--- Task objective ---
Return exactly, with nothing added, the lines from the one that contains "3 Pack Woven" through the end of the listing below, pictures excluded.

--- Dataset section ---
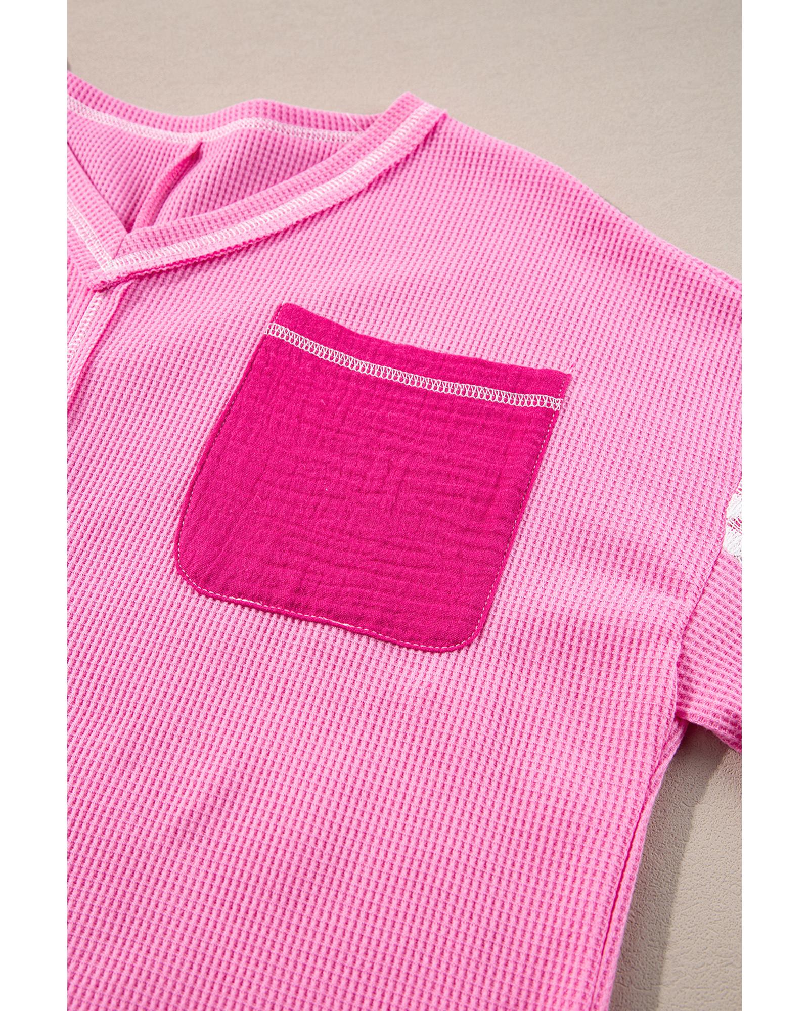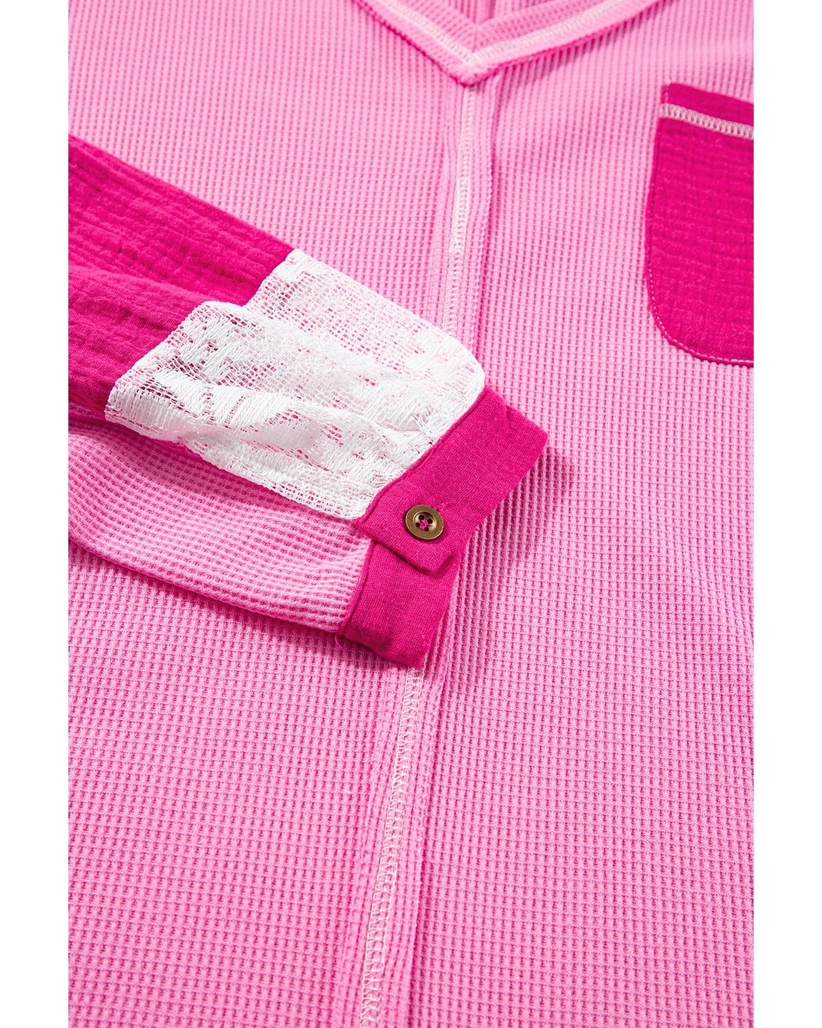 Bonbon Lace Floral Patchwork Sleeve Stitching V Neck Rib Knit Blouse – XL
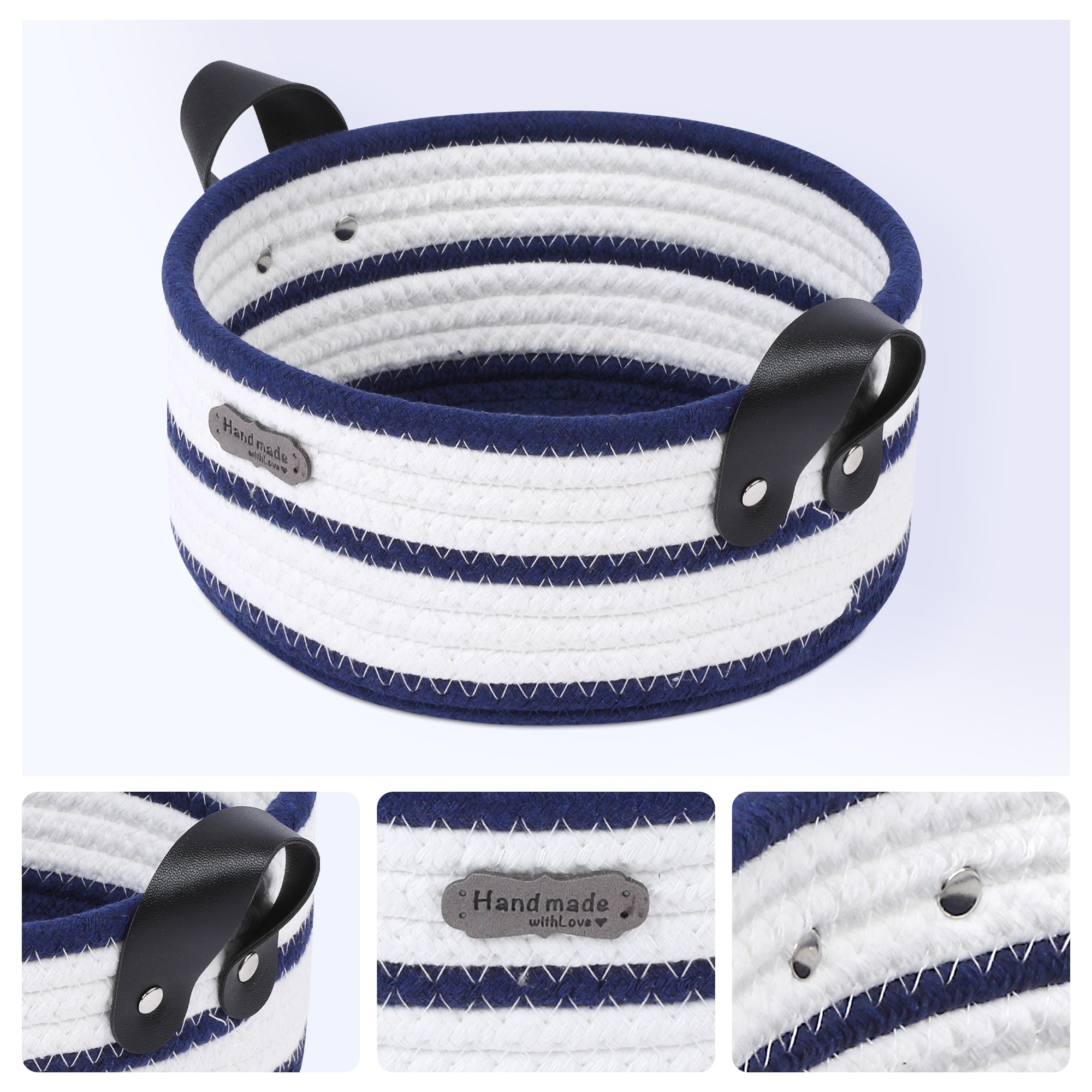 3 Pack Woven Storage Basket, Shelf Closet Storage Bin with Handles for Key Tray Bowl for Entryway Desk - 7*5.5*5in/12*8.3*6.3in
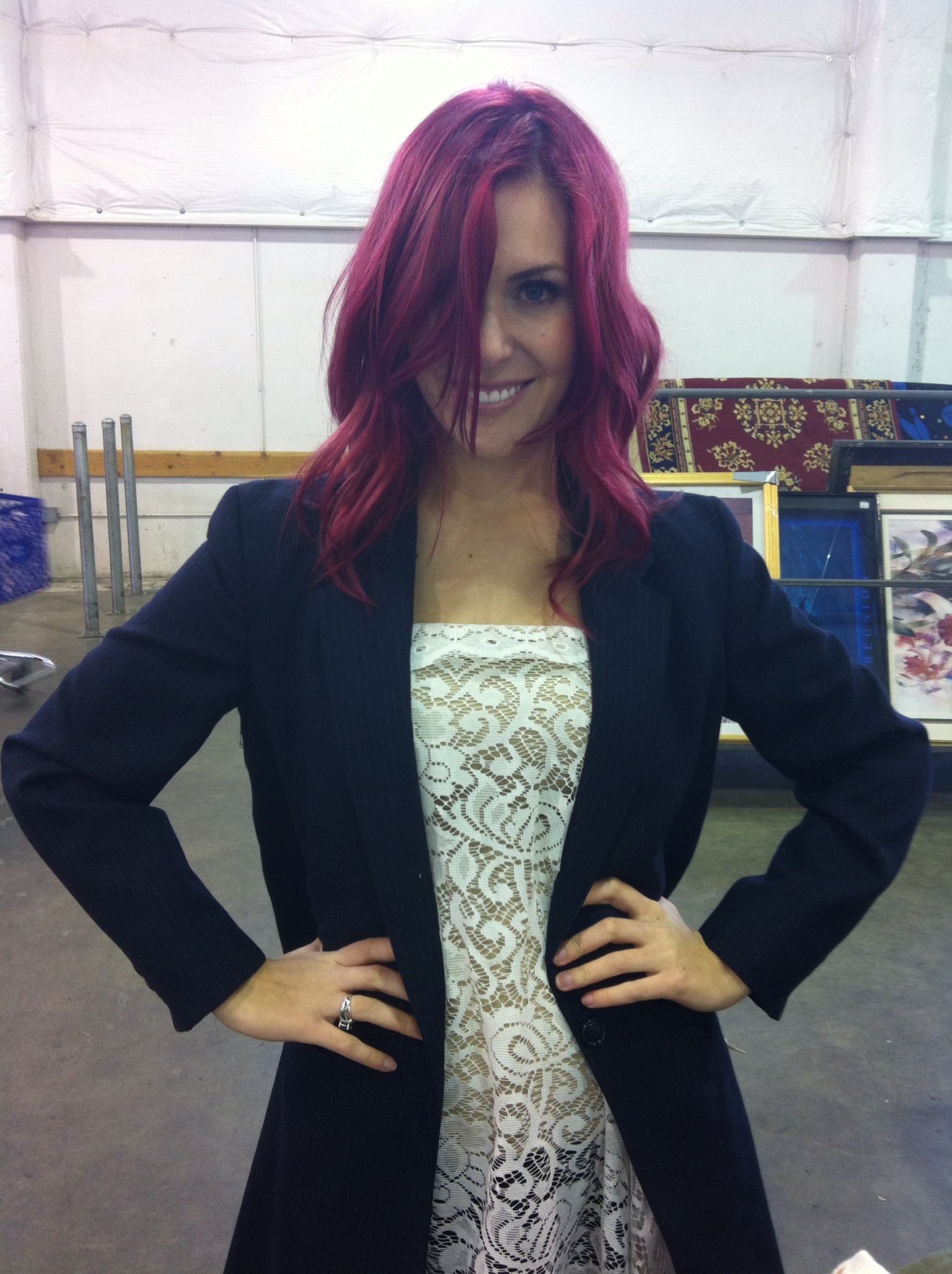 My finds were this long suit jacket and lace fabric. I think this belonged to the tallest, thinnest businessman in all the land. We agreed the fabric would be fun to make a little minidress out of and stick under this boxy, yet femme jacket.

--- Task response ---
 3 Pack Woven Storage Basket, Shelf Closet Storage Bin with Handles for Key Tray Bowl for Entryway Desk - 7*5.5*5in/12*8.3*6.3in
 My finds were this long suit jacket and lace fabric. I think this belonged to the tallest, thinnest businessman in all the land. We agreed the fabric would be fun to make a little minidress out of and stick under this boxy, yet femme jacket.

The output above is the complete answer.